Segment Start: Data below

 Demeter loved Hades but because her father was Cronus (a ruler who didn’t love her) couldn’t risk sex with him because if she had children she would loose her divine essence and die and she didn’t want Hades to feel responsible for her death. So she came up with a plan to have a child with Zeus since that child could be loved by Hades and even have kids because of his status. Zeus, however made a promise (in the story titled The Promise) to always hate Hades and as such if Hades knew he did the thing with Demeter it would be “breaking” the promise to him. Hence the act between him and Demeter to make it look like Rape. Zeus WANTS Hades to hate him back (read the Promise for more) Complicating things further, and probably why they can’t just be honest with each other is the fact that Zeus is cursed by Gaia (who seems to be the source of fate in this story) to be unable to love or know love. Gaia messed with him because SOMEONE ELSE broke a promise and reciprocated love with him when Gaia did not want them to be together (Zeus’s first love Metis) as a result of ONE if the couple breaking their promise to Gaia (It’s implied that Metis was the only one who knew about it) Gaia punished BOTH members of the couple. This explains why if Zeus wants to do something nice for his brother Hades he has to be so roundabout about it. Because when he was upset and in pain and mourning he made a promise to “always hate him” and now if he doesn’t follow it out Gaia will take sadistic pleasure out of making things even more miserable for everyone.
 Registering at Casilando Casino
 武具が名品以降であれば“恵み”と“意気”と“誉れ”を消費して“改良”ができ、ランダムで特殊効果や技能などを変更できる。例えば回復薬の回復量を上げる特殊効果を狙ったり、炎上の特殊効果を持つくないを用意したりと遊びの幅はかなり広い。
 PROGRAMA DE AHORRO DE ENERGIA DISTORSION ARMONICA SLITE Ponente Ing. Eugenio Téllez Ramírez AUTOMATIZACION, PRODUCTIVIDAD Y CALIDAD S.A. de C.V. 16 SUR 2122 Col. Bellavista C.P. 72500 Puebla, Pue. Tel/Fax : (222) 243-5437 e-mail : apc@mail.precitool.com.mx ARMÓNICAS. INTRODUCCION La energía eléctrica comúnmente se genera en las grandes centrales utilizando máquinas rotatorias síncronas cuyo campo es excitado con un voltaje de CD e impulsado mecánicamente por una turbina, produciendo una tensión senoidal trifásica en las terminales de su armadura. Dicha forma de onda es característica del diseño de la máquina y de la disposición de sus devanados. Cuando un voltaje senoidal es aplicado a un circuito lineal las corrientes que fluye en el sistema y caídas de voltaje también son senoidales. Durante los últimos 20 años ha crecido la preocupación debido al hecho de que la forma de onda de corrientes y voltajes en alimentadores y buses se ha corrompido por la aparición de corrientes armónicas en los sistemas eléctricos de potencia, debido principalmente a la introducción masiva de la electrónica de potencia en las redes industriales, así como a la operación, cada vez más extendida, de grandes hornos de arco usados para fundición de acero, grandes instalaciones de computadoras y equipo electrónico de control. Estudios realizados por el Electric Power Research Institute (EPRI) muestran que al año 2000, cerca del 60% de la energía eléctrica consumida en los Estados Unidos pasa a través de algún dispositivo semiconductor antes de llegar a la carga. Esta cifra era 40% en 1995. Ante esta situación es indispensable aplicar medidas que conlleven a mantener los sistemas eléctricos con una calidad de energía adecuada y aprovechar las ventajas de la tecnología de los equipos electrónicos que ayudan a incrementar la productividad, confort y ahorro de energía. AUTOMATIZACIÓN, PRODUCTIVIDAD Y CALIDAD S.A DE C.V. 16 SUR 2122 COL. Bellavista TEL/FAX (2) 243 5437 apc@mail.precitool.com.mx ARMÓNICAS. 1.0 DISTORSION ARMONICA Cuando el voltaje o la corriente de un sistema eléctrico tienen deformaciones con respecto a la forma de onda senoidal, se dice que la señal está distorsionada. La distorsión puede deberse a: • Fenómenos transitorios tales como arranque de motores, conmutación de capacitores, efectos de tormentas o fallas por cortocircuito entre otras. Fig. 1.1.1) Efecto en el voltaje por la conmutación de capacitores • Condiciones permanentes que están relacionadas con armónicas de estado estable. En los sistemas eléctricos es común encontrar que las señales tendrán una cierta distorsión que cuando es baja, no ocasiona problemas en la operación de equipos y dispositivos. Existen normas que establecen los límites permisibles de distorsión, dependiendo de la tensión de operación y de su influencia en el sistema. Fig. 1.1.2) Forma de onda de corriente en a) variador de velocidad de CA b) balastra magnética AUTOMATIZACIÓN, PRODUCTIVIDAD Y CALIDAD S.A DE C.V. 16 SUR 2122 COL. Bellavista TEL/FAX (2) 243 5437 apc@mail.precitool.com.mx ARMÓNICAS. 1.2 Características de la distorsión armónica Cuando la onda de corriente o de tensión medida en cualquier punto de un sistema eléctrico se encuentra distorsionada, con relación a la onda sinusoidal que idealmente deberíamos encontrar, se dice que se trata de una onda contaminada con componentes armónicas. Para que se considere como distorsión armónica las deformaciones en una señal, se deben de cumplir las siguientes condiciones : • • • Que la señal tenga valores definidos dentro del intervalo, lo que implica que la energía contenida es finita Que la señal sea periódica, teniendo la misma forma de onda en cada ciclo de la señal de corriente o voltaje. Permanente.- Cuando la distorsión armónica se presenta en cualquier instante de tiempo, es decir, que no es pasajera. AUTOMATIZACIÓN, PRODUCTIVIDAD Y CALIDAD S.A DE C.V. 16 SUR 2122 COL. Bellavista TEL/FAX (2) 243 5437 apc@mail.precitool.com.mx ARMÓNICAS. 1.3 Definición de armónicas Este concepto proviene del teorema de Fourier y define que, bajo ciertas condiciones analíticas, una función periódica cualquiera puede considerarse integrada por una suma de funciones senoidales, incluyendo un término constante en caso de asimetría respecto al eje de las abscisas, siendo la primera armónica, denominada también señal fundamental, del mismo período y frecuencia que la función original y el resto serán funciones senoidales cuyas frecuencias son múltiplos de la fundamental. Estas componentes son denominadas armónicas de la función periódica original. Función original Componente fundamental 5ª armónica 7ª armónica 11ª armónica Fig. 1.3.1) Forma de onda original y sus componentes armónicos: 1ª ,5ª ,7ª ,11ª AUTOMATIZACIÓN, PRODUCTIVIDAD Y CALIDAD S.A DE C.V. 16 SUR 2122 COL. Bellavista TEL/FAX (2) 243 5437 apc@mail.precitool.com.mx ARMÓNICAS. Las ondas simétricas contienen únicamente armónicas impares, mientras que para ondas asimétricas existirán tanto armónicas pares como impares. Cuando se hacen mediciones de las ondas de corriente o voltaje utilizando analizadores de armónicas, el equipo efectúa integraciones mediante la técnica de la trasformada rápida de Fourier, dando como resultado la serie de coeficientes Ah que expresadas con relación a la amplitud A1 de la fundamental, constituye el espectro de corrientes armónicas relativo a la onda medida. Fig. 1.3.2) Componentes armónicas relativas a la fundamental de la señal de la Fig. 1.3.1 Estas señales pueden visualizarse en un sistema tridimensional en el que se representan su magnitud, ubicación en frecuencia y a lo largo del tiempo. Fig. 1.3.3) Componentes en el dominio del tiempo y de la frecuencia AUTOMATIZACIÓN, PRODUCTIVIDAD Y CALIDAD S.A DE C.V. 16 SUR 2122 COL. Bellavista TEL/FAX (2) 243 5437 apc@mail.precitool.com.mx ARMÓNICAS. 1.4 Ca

Segment End: Data below

Take the material above and print all of it exactly.

 Demeter loved Hades but because her father was Cronus (a ruler who didn’t love her) couldn’t risk sex with him because if she had children she would loose her divine essence and die and she didn’t want Hades to feel responsible for her death. So she came up with a plan to have a child with Zeus since that child could be loved by Hades and even have kids because of his status. Zeus, however made a promise (in the story titled The Promise) to always hate Hades and as such if Hades knew he did the thing with Demeter it would be “breaking” the promise to him. Hence the act between him and Demeter to make it look like Rape. Zeus WANTS Hades to hate him back (read the Promise for more) Complicating things further, and probably why they can’t just be honest with each other is the fact that Zeus is cursed by Gaia (who seems to be the source of fate in this story) to be unable to love or know love. Gaia messed with him because SOMEONE ELSE broke a promise and reciprocated love with him when Gaia did not want them to be together (Zeus’s first love Metis) as a result of ONE if the couple breaking their promise to Gaia (It’s implied that Metis was the only one who knew about it) Gaia punished BOTH members of the couple. This explains why if Zeus wants to do something nice for his brother Hades he has to be so roundabout about it. Because when he was upset and in pain and mourning he made a promise to “always hate him” and now if he doesn’t follow it out Gaia will take sadistic pleasure out of making things even more miserable for everyone.
 Registering at Casilando Casino
 武具が名品以降であれば“恵み”と“意気”と“誉れ”を消費して“改良”ができ、ランダムで特殊効果や技能などを変更できる。例えば回復薬の回復量を上げる特殊効果を狙ったり、炎上の特殊効果を持つくないを用意したりと遊びの幅はかなり広い。
 PROGRAMA DE AHORRO DE ENERGIA DISTORSION ARMONICA SLITE Ponente Ing. Eugenio Téllez Ramírez AUTOMATIZACION, PRODUCTIVIDAD Y CALIDAD S.A. de C.V. 16 SUR 2122 Col. Bellavista C.P. 72500 Puebla, Pue. Tel/Fax : (222) 243-5437 e-mail : apc@mail.precitool.com.mx ARMÓNICAS. INTRODUCCION La energía eléctrica comúnmente se genera en las grandes centrales utilizando máquinas rotatorias síncronas cuyo campo es excitado con un voltaje de CD e impulsado mecánicamente por una turbina, produciendo una tensión senoidal trifásica en las terminales de su armadura. Dicha forma de onda es característica del diseño de la máquina y de la disposición de sus devanados. Cuando un voltaje senoidal es aplicado a un circuito lineal las corrientes que fluye en el sistema y caídas de voltaje también son senoidales. Durante los últimos 20 años ha crecido la preocupación debido al hecho de que la forma de onda de corrientes y voltajes en alimentadores y buses se ha corrompido por la aparición de corrientes armónicas en los sistemas eléctricos de potencia, debido principalmente a la introducción masiva de la electrónica de potencia en las redes industriales, así como a la operación, cada vez más extendida, de grandes hornos de arco usados para fundición de acero, grandes instalaciones de computadoras y equipo electrónico de control. Estudios realizados por el Electric Power Research Institute (EPRI) muestran que al año 2000, cerca del 60% de la energía eléctrica consumida en los Estados Unidos pasa a través de algún dispositivo semiconductor antes de llegar a la carga. Esta cifra era 40% en 1995. Ante esta situación es indispensable aplicar medidas que conlleven a mantener los sistemas eléctricos con una calidad de energía adecuada y aprovechar las ventajas de la tecnología de los equipos electrónicos que ayudan a incrementar la productividad, confort y ahorro de energía. AUTOMATIZACIÓN, PRODUCTIVIDAD Y CALIDAD S.A DE C.V. 16 SUR 2122 COL. Bellavista TEL/FAX (2) 243 5437 apc@mail.precitool.com.mx ARMÓNICAS. 1.0 DISTORSION ARMONICA Cuando el voltaje o la corriente de un sistema eléctrico tienen deformaciones con respecto a la forma de onda senoidal, se dice que la señal está distorsionada. La distorsión puede deberse a: • Fenómenos transitorios tales como arranque de motores, conmutación de capacitores, efectos de tormentas o fallas por cortocircuito entre otras. Fig. 1.1.1) Efecto en el voltaje por la conmutación de capacitores • Condiciones permanentes que están relacionadas con armónicas de estado estable. En los sistemas eléctricos es común encontrar que las señales tendrán una cierta distorsión que cuando es baja, no ocasiona problemas en la operación de equipos y dispositivos. Existen normas que establecen los límites permisibles de distorsión, dependiendo de la tensión de operación y de su influencia en el sistema. Fig. 1.1.2) Forma de onda de corriente en a) variador de velocidad de CA b) balastra magnética AUTOMATIZACIÓN, PRODUCTIVIDAD Y CALIDAD S.A DE C.V. 16 SUR 2122 COL. Bellavista TEL/FAX (2) 243 5437 apc@mail.precitool.com.mx ARMÓNICAS. 1.2 Características de la distorsión armónica Cuando la onda de corriente o de tensión medida en cualquier punto de un sistema eléctrico se encuentra distorsionada, con relación a la onda sinusoidal que idealmente deberíamos encontrar, se dice que se trata de una onda contaminada con componentes armónicas. Para que se considere como distorsión armónica las deformaciones en una señal, se deben de cumplir las siguientes condiciones : • • • Que la señal tenga valores definidos dentro del intervalo, lo que implica que la energía contenida es finita Que la señal sea periódica, teniendo la misma forma de onda en cada ciclo de la señal de corriente o voltaje. Permanente.- Cuando la distorsión armónica se presenta en cualquier instante de tiempo, es decir, que no es pasajera. AUTOMATIZACIÓN, PRODUCTIVIDAD Y CALIDAD S.A DE C.V. 16 SUR 2122 COL. Bellavista TEL/FAX (2) 243 5437 apc@mail.precitool.com.mx ARMÓNICAS. 1.3 Definición de armónicas Este concepto proviene del teorema de Fourier y define que, bajo ciertas condiciones analíticas, una función periódica cualquiera puede considerarse integrada por una suma de funciones senoidales, incluyendo un término constante en caso de asimetría respecto al eje de las abscisas, siendo la primera armónica, denominada también señal fundamental, del mismo período y frecuencia que la función original y el resto serán funciones senoidales cuyas frecuencias son múltiplos de la fundamental. Estas componentes son denominadas armónicas de la función periódica original. Función original Componente fundamental 5ª armónica 7ª armónica 11ª armónica Fig. 1.3.1) Forma de onda original y sus componentes armónicos: 1ª ,5ª ,7ª ,11ª AUTOMATIZACIÓN, PRODUCTIVIDAD Y CALIDAD S.A DE C.V. 16 SUR 2122 COL. Bellavista TEL/FAX (2) 243 5437 apc@mail.precitool.com.mx ARMÓNICAS. Las ondas simétricas contienen únicamente armónicas impares, mientras que para ondas asimétricas existirán tanto armónicas pares como impares. Cuando se hacen mediciones de las ondas de corriente o voltaje utilizando analizadores de armónicas, el equipo efectúa integraciones mediante la técnica de la trasformada rápida de Fourier, dando como resultado la serie de coeficientes Ah que expresadas con relación a la amplitud A1 de la fundamental, constituye el espectro de corrientes armónicas relativo a la onda medida. Fig. 1.3.2) Componentes armónicas relativas a la fundamental de la señal de la Fig. 1.3.1 Estas señales pueden visualizarse en un sistema tridimensional en el que se representan su magnitud, ubicación en frecuencia y a lo largo del tiempo. Fig. 1.3.3) Componentes en el dominio del tiempo y de la frecuencia AUTOMATIZACIÓN, PRODUCTIVIDAD Y CALIDAD S.A DE C.V. 16 SUR 2122 COL. Bellavista TEL/FAX (2) 243 5437 apc@mail.precitool.com.mx ARMÓNICAS. 1.4 Ca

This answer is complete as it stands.